Album: Formerly Extinct

Label: Drag City

Review date: Oct. 10, 2012




Listening to Formerly Extinct is a bit like visiting a zoo to see the big cats pace back and forth behind the glass. Ben Chasny, Chris Corsano and Richard Bishop aren’t engaging in repetitive, stereotypic behavior, of course, but there is something about Rangda’s second album that calls to mind exotic animals living in captivity. The potential for wildness is there, though it only peeks out occasionally from the highly controlled environment.

Rangda’s debut, False Flag, began with the raging, ragged “Waldorf Hysteria,” which served notice that even though this would be a rock record, it would proceed with a scorched earth ethos. Formerly Extinct takes a more measured approach, and tempers nearly all of its predecessor’s extremes: there’s nothing as incendiary as “Serrated Edges,” no track as sprawling as the free range “Plain of Jars,” and little that can match “Sarcophagi” in terms of stripped-down, world weary expression. Chasny, Corsano and Bishop have cleaned up their act, replacing searing barnburners and loosely wrangled slow numbers with mathy precision. This time, it feels more about technique than temperament.

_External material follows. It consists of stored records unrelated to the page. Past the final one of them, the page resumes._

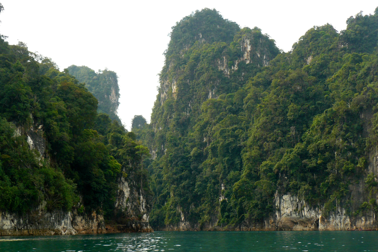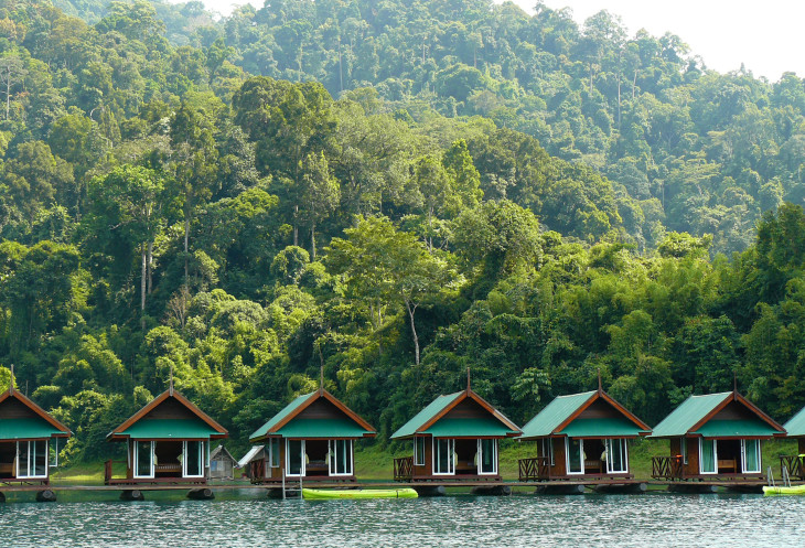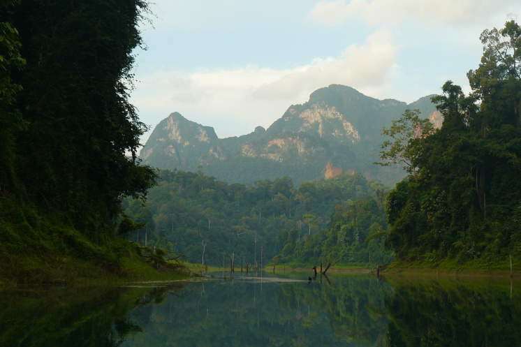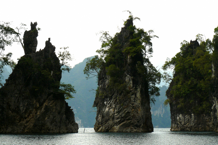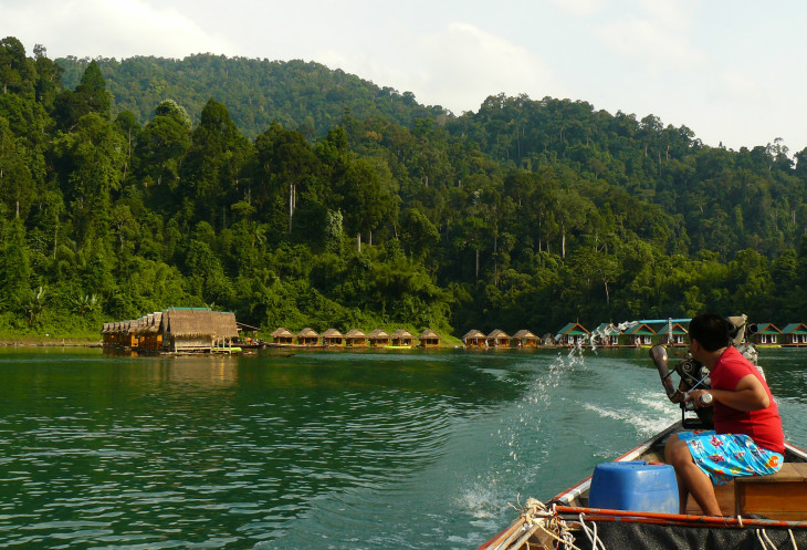 На пирсе к нам сразу же подошли с предложением аренды лодки и домика на озере. За 3400 бат мы получили в свое распоряжение лодку (с лодочником) на сутки и домик с полным пансионом (опять же на сутки). Минут через 30 мы уже были в нашем рафтхаусе. Пейзажи абсолютно не похожи на те, что мы перевидали в Таиланде за 3 недели.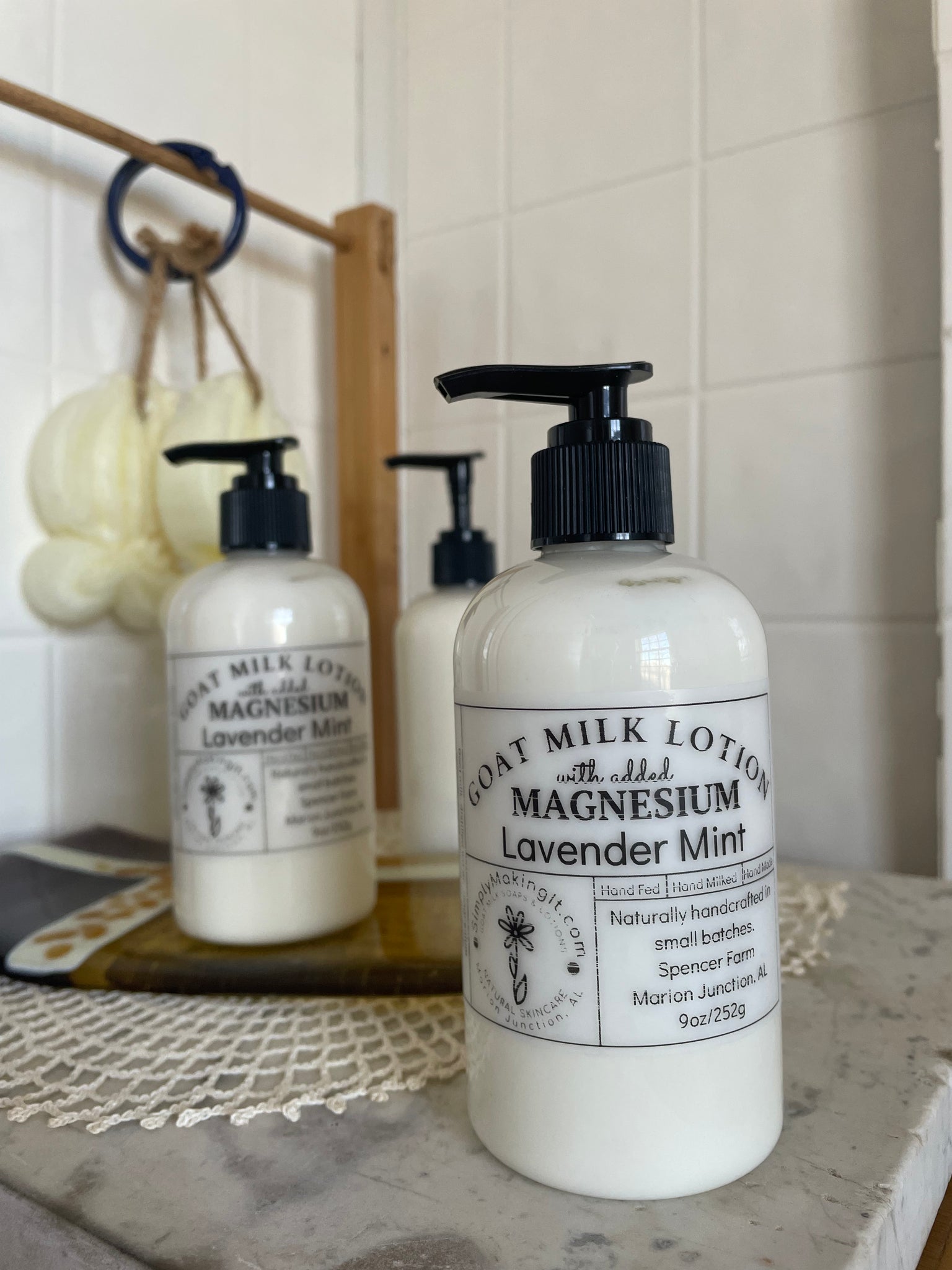 A soothing twist on your favorite goat milk lotion. This Goat Milk Lotion with Magnesium blends the creamy nourishment of fresh goat milk with added magnesium for an extra touch of relaxation—perfect for unwinding at the end of the day.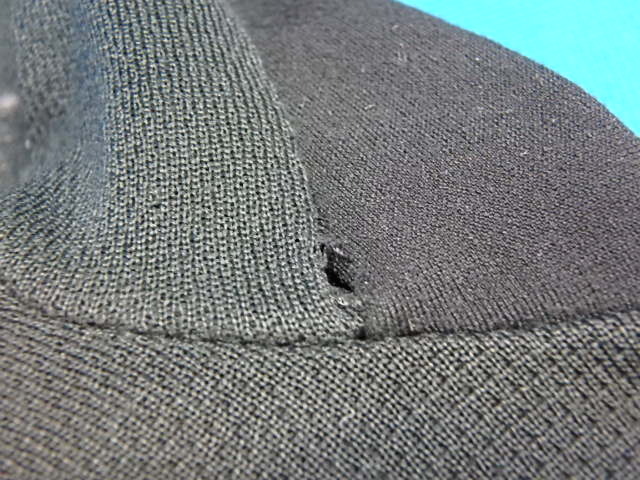 ・縫い目にほつれがあります。生地が薄くなったり傷みがあります。ゴロマークが割れています。内側に毛玉があります。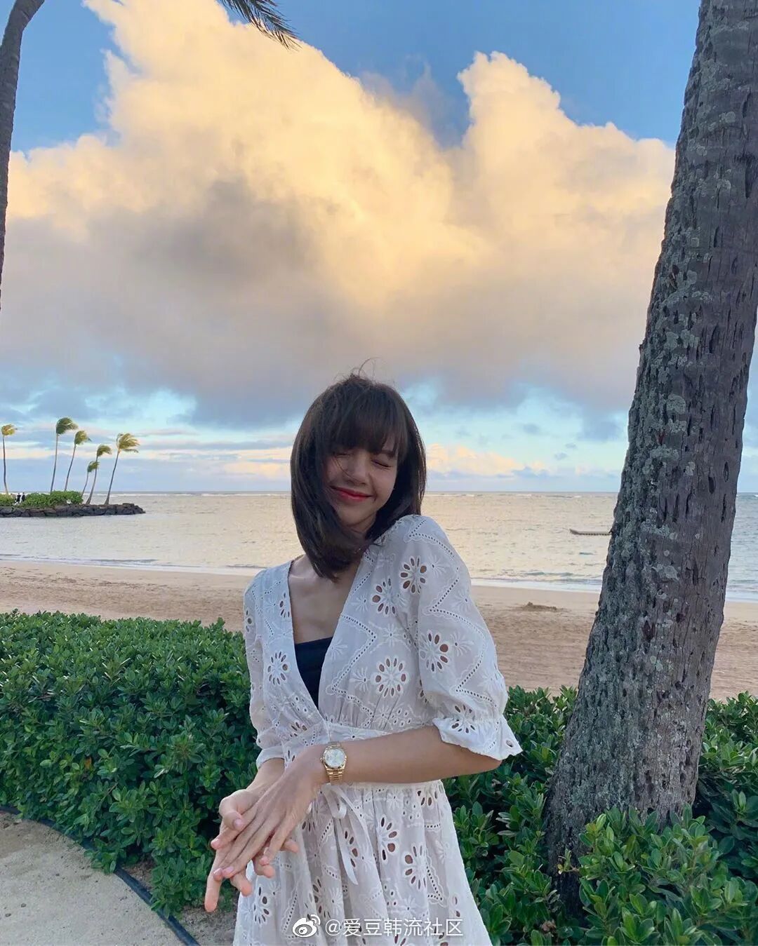Lisa这件大V领钩花小白裙,就很有度假风情啦,仿佛海的女儿~~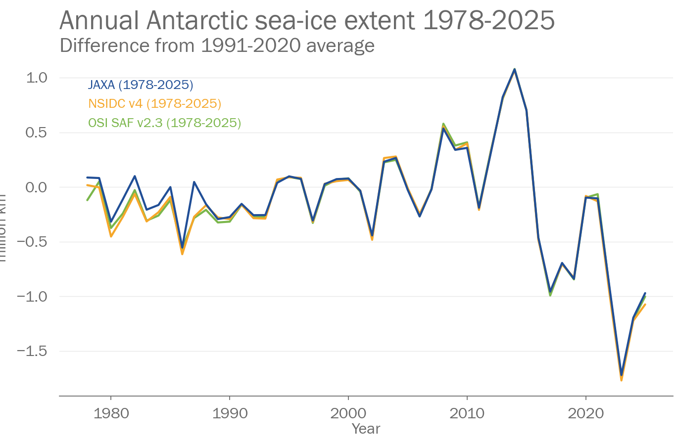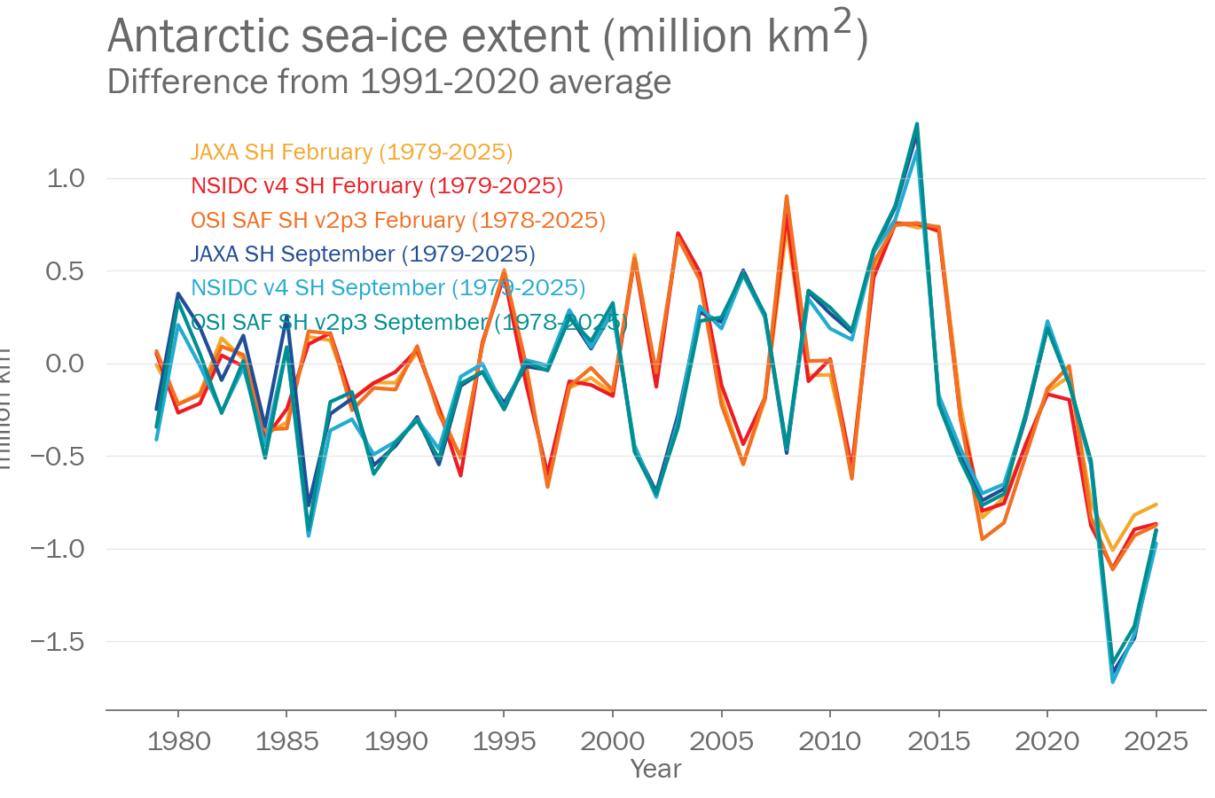 Antarctic sea ice extent in February 2025 was between 2.22 and 2.47million km2. This was the 4th lowest extent on record. In September the extent was between 17.64 and 18.07million km2. This was the 3rd lowest extent on record. Data sets used were: JAXA, NSIDC v4, and OSI SAF v2.3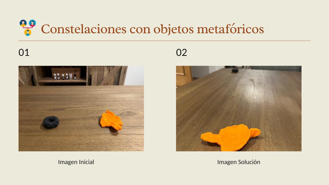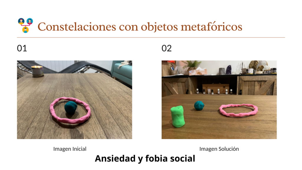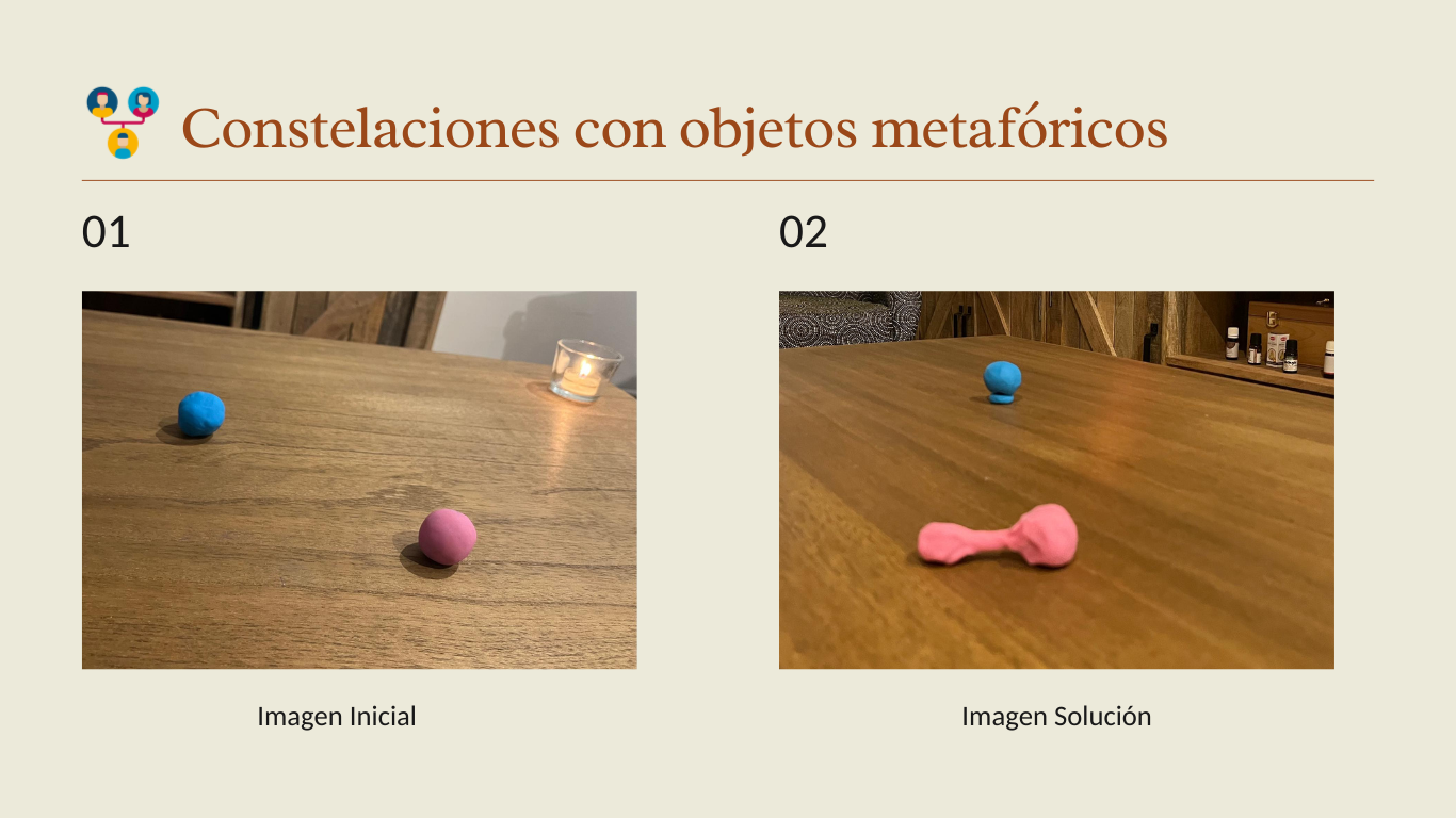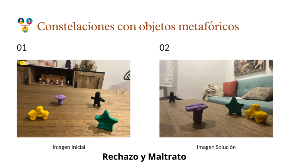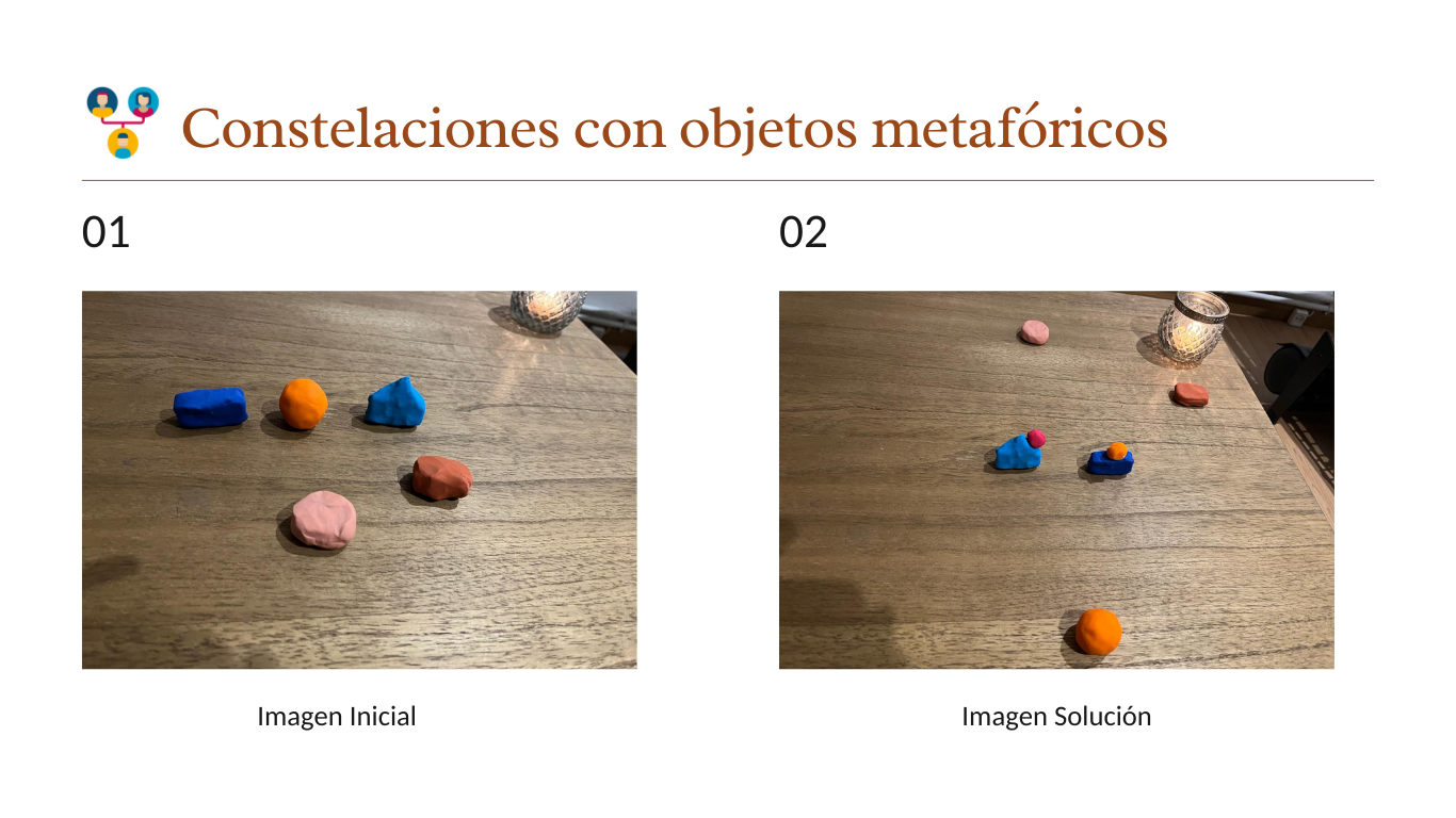 En lugar de utilizar a otras personas para representar a los miembros del sistema familiar, aquí se emplean objetos, metáforas y visualizaciones para crear el escenario de la constelación. Esto permite:

Tracks like “Plugged Nickel” and “Night Porter” proceed like clockwork, compartmentalizing their rough edges into discrete, distorted guitar solos. The genre-hoppers, dappled with splashes of Sun City Girls flair, are not without charm, but do little to excite these nerve endings. The album’s snarl, when it surfaces, seems deadened, and it’s only partially due to the album’s production. This isn’t a case of these three suddenly forgetting what it is they do, more a change in priorities. The polite, pastoral “Goodbye Mr. Gentry” wouldn’t have fit well on False Flag, and the debut’s “Fist Family” would be far too much ruckus to slot into the middle of Formerly Extinct.

The funny thing is, even though I can’t seem to let go of the comparisons between this disc and the first one, I wasn’t too wild about False Flag when it came out. It seemed to me a likeable enough album, but somehow disappointing, given who was involved, and Formerly Extinct makes even less use of the firepower on hand. It’s as if the team’s best bats are left on the bench; what the self-imposed restraint adds in compositional complexity, it subtracts in energy and intensity. Hearing Corsano play so conservatively across the majority of the disc is especially frustrating: For one of the best improvisational drummers around, the impressively pinpoint dexterity displayed across Formerly Extinct feels like the proving of a point that never needed validation.

The last Rangda album was a quickly collected affair; this time they’ve had a chance to workshop material before entering the studio. As a result, Formerly Extinct is a little over-cooked, and the album would have benefitted from being left a little more raw at its core.